You've said, "What Dummy turned into was not what we intended it to be." What did you intend it to be? Who--or what--transformed it into something you never imagined?
My influences were street music in Bristol--beats music, people such as Smith & Mighty--reggae-based drum-machine music and hip-hop. When Smith & Mighty did Walk On By, it was, like, the ultimate brilliant record. And it was kind of seen as a way to produce music that was real, that was where you were from, Bristol with a history of punk and rock and noise, and I really didn't know about those influences, but they influenced all the guys I was listening to and influenced me. Adrian came from a jazz background and had the ability to write brilliantly and bring in musicians, and Beth was a very interesting songwriter, but I must admit, I don't really know at what level I really liked what she was writing. At the time, I was too young to understand the complexity of her lyrics. So when we got together, it seemed to work; we made Dummy, but it wasn't ever a chin-out record. It was where we came from. It was a beat record. It was pretty hardcore. I suppose, at that time, it made a big splash, and it got assimilated by people just putting it in a bag of--not chilled music, but almost the kind of stuff you put on at a dinner party. And as soon as that happened, I kind of turned off. I got nothing against people--I'm not a music snob; if you wanna listen to the Black Eyed Peas, that's fine, right--but I think that sometimes can be slightly misinterpreted, and I think our record kind of was. But the thing is, I was able to go out and buy a house, feed my family and have a good life around music, so I'm not going to complain about it, but I'm going to say I think we were misinterpreted. And I think what we're doing now is correcting that issue--we're just moving forward.

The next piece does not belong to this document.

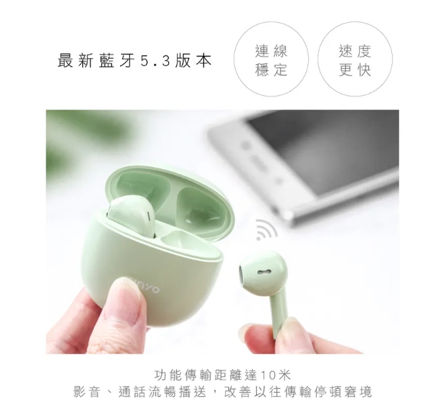 【KINYO】Mini半入耳真無線藍牙綠 BTE-3901G
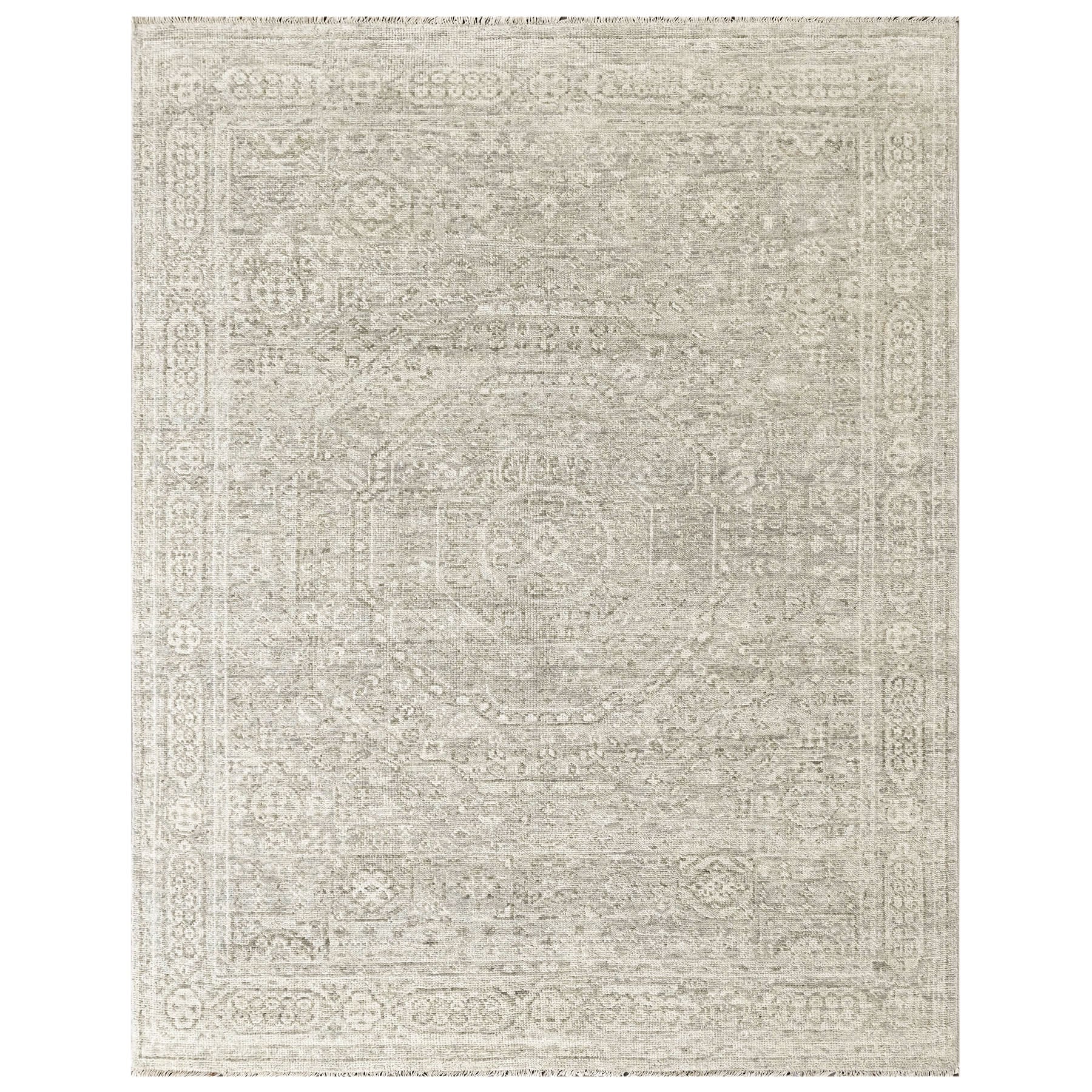 Anchored in classical Persian tradition and refined through a modern monochromatic approach, this 8x10 hand-knotted wool tone-on-tone gray rug features a medium pile on a durable cotton foundation, offering timeless sophistication and lasting quality. The design is structured around a traditional central medallion that subtly emerges from the field, surrounded by layered floral bands and intricate vinework inspired by historic Persian court rugs. Executed entirely in nuanced shades of gray, the pattern relies on texture, knot density, and tonal contrast rather than color to define its form, resulting in a sculptural, dimensional surface. Delicate rosettes, palmettes, and flowing arabesques are seamlessly integrated into the field, while faint geometric detailing reinforces the medallion’s outline. The border continues this restrained elegance with finely articulated floral bands rendered in harmonized gray tones. Refined and quietly expressive, this rug is especially suited for formal living rooms, bedrooms, or minimalist interiors where craftsmanship and subtle pattern are meant to elevate the space.

After the last album came out, you were talking in an interview about how you promised to make a hip-hop record. I read that Jay-Z and Dre came calling. When will that collaboration happen?
Jay-Z--someone from his office--called me once, but that was it. I wouldn't turn them down, but I don't think hip-hip is particularly my first . . . well, I don't think I'm very good at it. I'm too overwhelmed by nervousness around other legends. But I have completed a hip-hop record with one of the guys, and it's coming out on Stones Throw next year. It has about 40 tracks, with 35 MCs on it. It has people you might've heard of and loads of people you haven't. It's not about who's featured on it--it's about making a proper hip-hop record.

What makes a proper hip-hop record?
Well, I'm coming as a middle-aged white boy from England, you know what I mean? I don't think I can actually make the most connected comment about hip-hop culture. But people aren't doing it for the money, maybe. And they want to make a little bit of a difference. Money kind of runs hip-hop for a bit, and it has for a long time, so I suppose that makes it different!